Truex won four times in an eight-span race in the first half of the season and six times overall, locking down the championship with 13 top-10 finishes in the final 14 races. The six-win formula had the same effect in 2005, making him the first back-to-back champion since Dale Jr. in 1998-99.
The stint was enough for Truex to land in the DEI No. 1 Chevy for the 2006 Cup series season. Thirteen races into his second season, Truex led the final 54 laps at Dover International Speedway to score the win over Ryan Newman.

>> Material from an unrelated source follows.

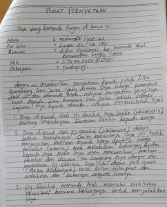 Tentang merekayasa bantuan sosial kepada warga, 2. Saya di fitnah oleh penjabat (pj) geuchik (nazarudin alias aca), dalam bentuk merekayasa cerita. Bahwa sanya, saya di tuduh menjanjikan bantuan kepada warga, apa bila warga tersebut (wanita). Mau melakukan hubungan badan kepada saya, maka saya akan memberikan bantuan bantuan tersebut. Dan ucapan itu, langsung saya dengar dari pengakuan pj geuchik saya. Di depan pak camat, yang di sebut-sebut sapaan panggilan (reza ardiansyah) serta ketua tuha peut dan wakilnya dan beberapa anggota lainnya. 3, pj geuchik meurandeh aceh. Mencoba melakukan provokasi bersama keluarganya, untuk menjatuhkan saya. Untuk selanjutnya, pernyataan itu yang di perbuat oleh berinsial “M.S” perangkat desa meurandeh aceh. Dan di tanda tangani menggunakan materai Rp.10.000,- berlambangkan burung garuda indonesia. Langsa, 27/12/2025.

2016: A run of 16 wins in three seasons at Furniture Row Racing
With DEI disintegrating from infighting, Martin Truex Jr. landed with Michael Waltrip’s team in 2010 and won just once in four seasons. It was an equally dysfunctional organization, and NASCAR stripped Truex of his 2013 playoff berth after determining the organization manipulated results at Richmond. His next move was to Colorado-based Furniture Row Racing.
Truex finished a career-worst 24th in points in his first year with the new team, but the driver, the No. 78 Toyota, and crew chief Cole Pearn soon proved formidable, beginning with a run to the 2015 Championship 4 and a big win at the 2016 Coca-Cola 600. Later in the year, he won the Southern 500 and then at Chicagoland and Dover in a five-race span.
It was a sign Truex had arrived, and the next two seasons proved even more productive.
2017: Martin Truex Jr. captures the big prize
Martin Truex Jr. sprinkled eight victories across the 2017 season, capped by Homestead-Miami, to add a Cup Series championship to his two Xfinity Series titles. MTJ wasn’t just sneaking in under the wire: He led at least 75 laps in seven of the eight victories. His last 10 finishes included four wins and five more showings in the top five.
In 2018, Truex scored four more wins. In a star-studded Championship 4 that also included Kevin Harvick and Kyle Busch, he finished second to Joey Logano at Homestead-Miami.
Late in the season, Truex revealed that he had signed with Joe Gibbs Racing for the 2019 season, with crew chief Cole Pearn following him to the No. 19 Toyota.
2019: MTJ starts over with Joe Gibbs Racing
Martin Truex Jr.’s first season with the new team was everything Joe Gibbs Racing could have wanted. Beginning with Richmond in mid-April, the 38-year-old Trenton, New Jersey, native won four times in eight weeks.
When the playoffs rolled around, Truex opened with wins at Las Vegas and Richmond. Five weeks later, he won at Martinsville to punch his ticket to another Championship 4, where he placed second to teammate Kyle Busch despite leading 103 of the 267 laps.
Truex fit right in with a veteran lineup also including Denny Hamlin and Erik Jones. The quartet drove to Victory Lane a combined 19 times in 2019, with Hamlin giving JGR a third Championship 4 competitor.
2022: A strong season but bitter disappointment
Martin Truex Jr. won five more races in 2020-21 while working with new crew chief James Small, also chalking up another Championship 4 runner-up finish, this time to Kyle Larson, in the latter.
The 2022 season was one of frustration. Truex went winless for the first time since 2014 as he and the rest of the Cup Series adjusted to the Next Gen car. However, he finished in the top five four times and lower than 24th just twice in the regular season.
The consistency generated big points, but placing fourth in the standings to Chase Elliott, Joey Logano, and Ryan Blaney bore no fruit. With the new car producing nearly unprecedented parity, there was only one playoff spot available for non-winners, and Truex finished three points behind Blaney for the opportunity to compete for the title.